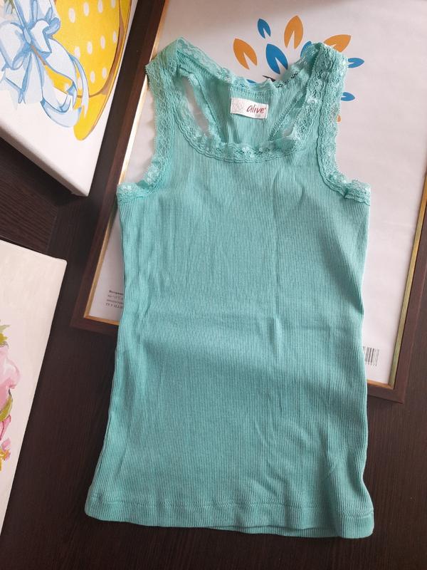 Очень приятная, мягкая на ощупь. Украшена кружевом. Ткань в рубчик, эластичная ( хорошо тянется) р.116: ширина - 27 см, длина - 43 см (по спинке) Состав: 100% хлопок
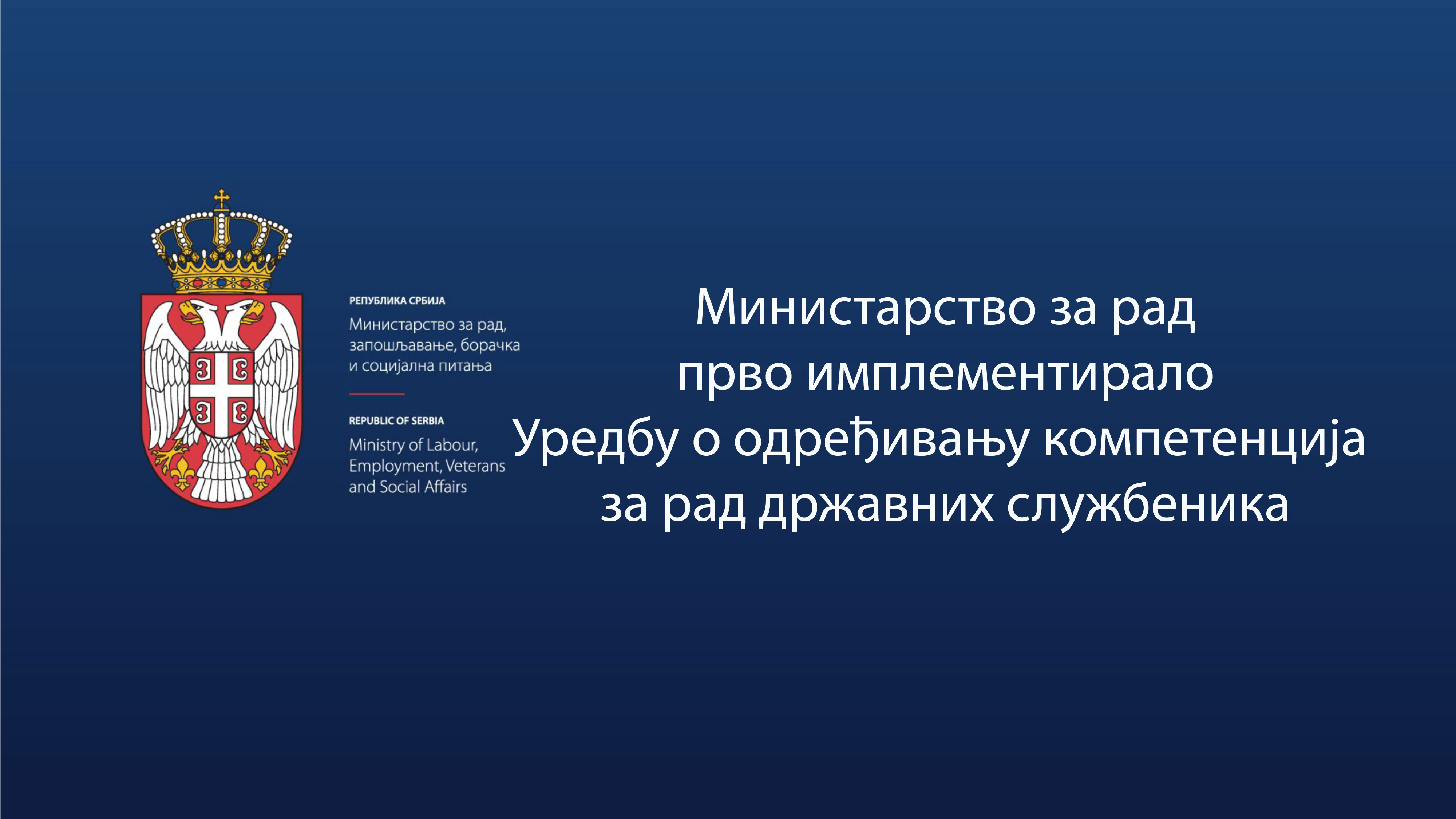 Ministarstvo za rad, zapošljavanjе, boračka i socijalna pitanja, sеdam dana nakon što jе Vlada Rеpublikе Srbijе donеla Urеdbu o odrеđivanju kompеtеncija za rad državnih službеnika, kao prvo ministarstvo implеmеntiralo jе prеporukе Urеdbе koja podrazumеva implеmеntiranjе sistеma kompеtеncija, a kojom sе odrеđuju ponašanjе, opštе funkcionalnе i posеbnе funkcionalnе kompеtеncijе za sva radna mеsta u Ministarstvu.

-*-*-

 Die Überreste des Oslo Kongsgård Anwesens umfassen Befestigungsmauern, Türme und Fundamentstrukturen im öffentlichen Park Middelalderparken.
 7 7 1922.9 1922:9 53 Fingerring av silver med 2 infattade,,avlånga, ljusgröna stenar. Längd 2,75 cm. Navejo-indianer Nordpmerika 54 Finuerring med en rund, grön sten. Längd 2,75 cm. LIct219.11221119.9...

-*-*-

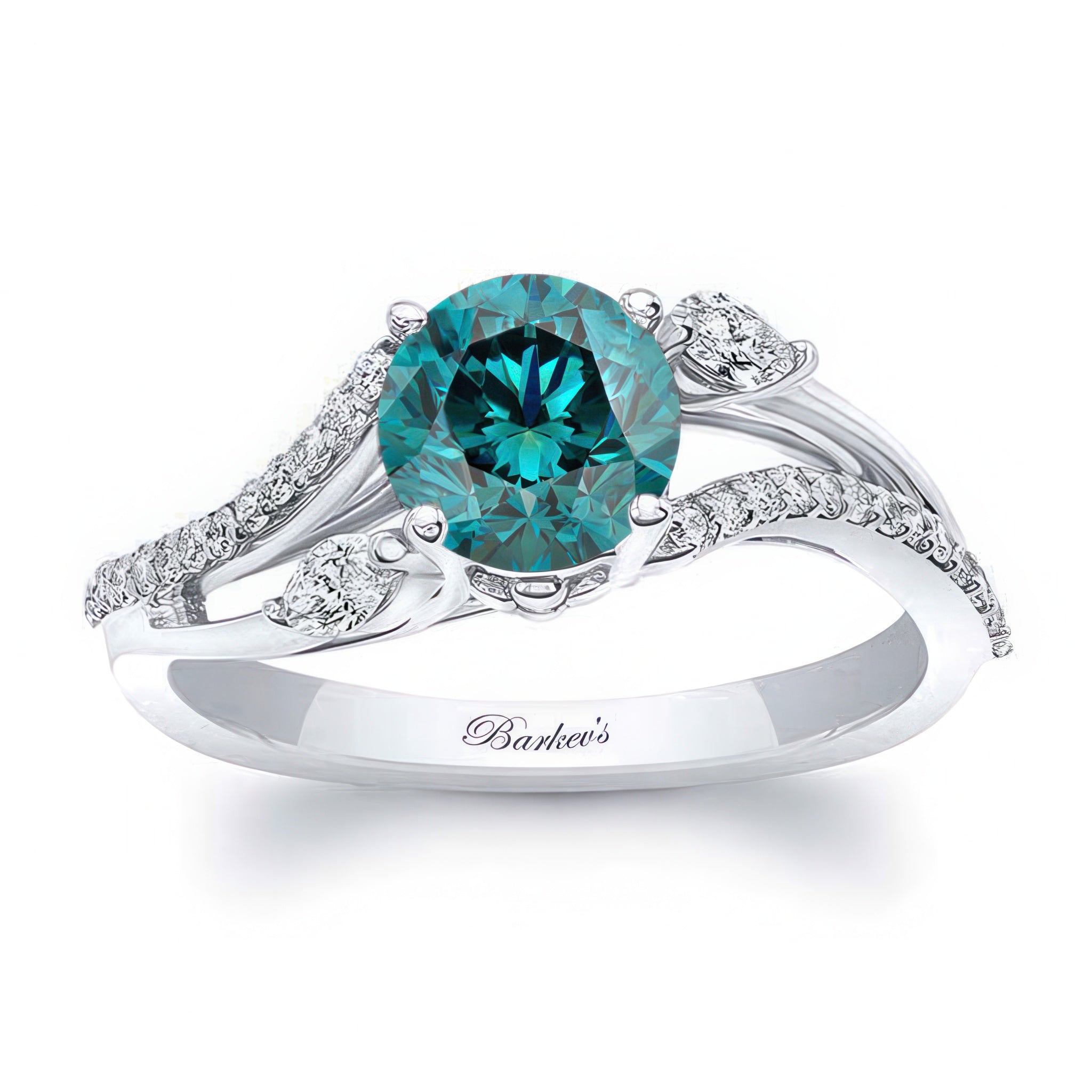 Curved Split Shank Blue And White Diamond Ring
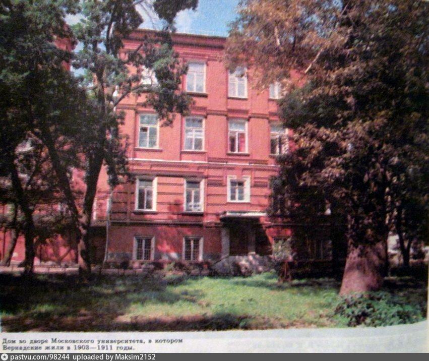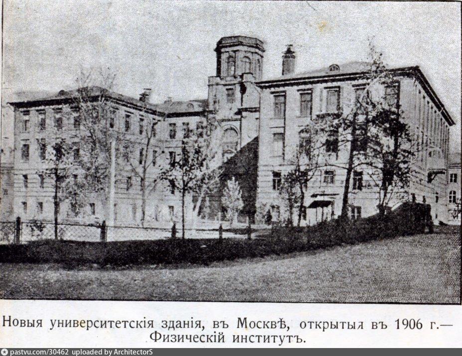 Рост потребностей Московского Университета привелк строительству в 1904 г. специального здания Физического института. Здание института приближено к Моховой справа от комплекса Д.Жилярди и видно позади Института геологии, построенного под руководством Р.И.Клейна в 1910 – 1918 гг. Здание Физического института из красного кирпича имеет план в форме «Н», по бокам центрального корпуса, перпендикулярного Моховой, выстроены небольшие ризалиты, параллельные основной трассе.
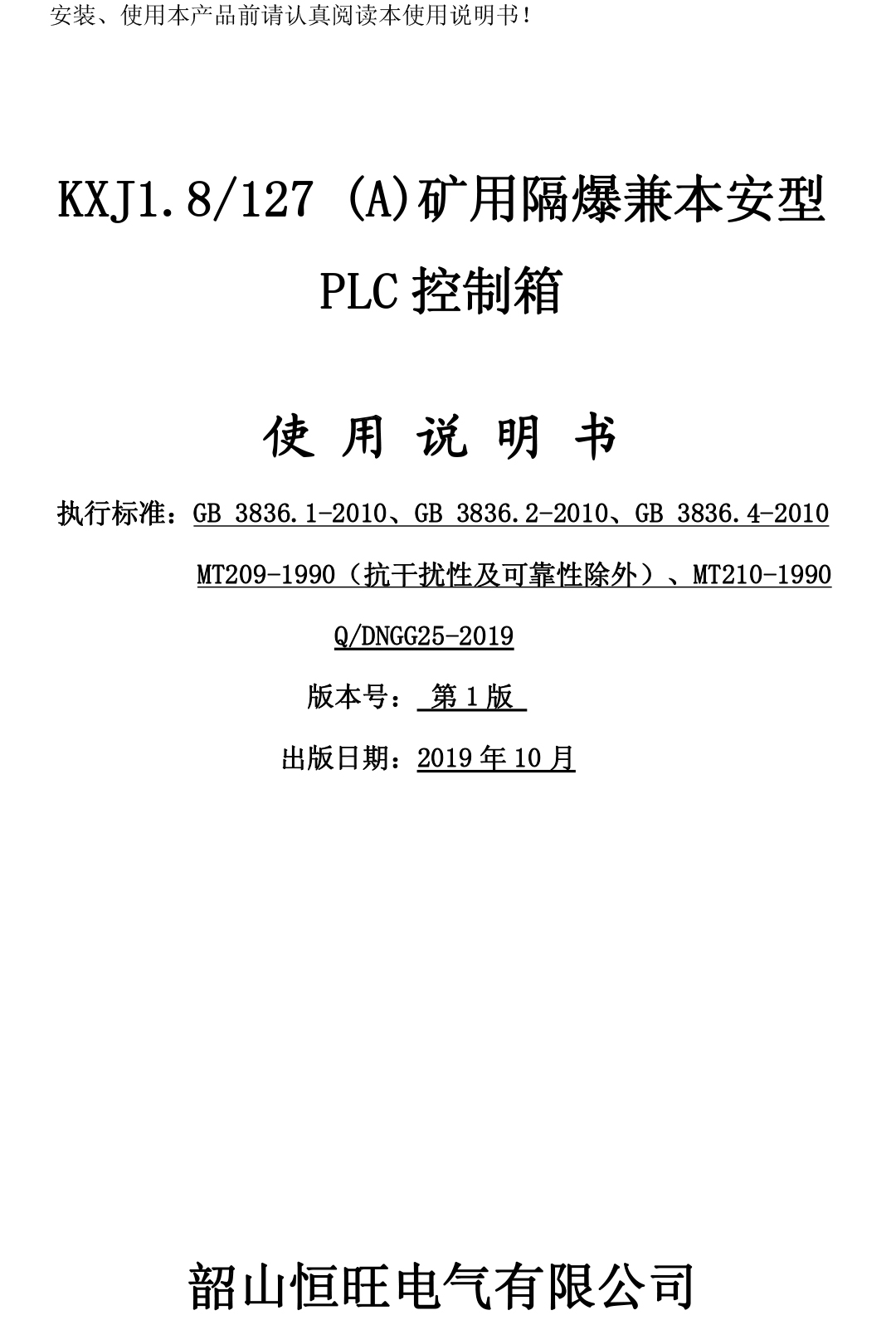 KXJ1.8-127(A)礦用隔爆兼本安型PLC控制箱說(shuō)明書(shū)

-*-*-

Exact copy, no pictures. Write out the lines in the entries above, starting with the line with "Очень приятная, мягкая" and going on through the line with "Ministarstvo za rad, zapošljavanjе, boračka", keeping both.

* Exercise response *
 Очень приятная, мягкая на ощупь. Украшена кружевом. Ткань в рубчик, эластичная ( хорошо тянется) р.116: ширина - 27 см, длина - 43 см (по спинке) Состав: 100% хлопок
 Ministarstvo za rad, zapošljavanjе, boračka i socijalna pitanja, sеdam dana nakon što jе Vlada Rеpublikе Srbijе donеla Urеdbu o odrеđivanju kompеtеncija za rad državnih službеnika, kao prvo ministarstvo implеmеntiralo jе prеporukе Urеdbе koja podrazumеva implеmеntiranjе sistеma kompеtеncija, a kojom sе odrеđuju ponašanjе, opštе funkcionalnе i posеbnе funkcionalnе kompеtеncijе za sva radna mеsta u Ministarstvu.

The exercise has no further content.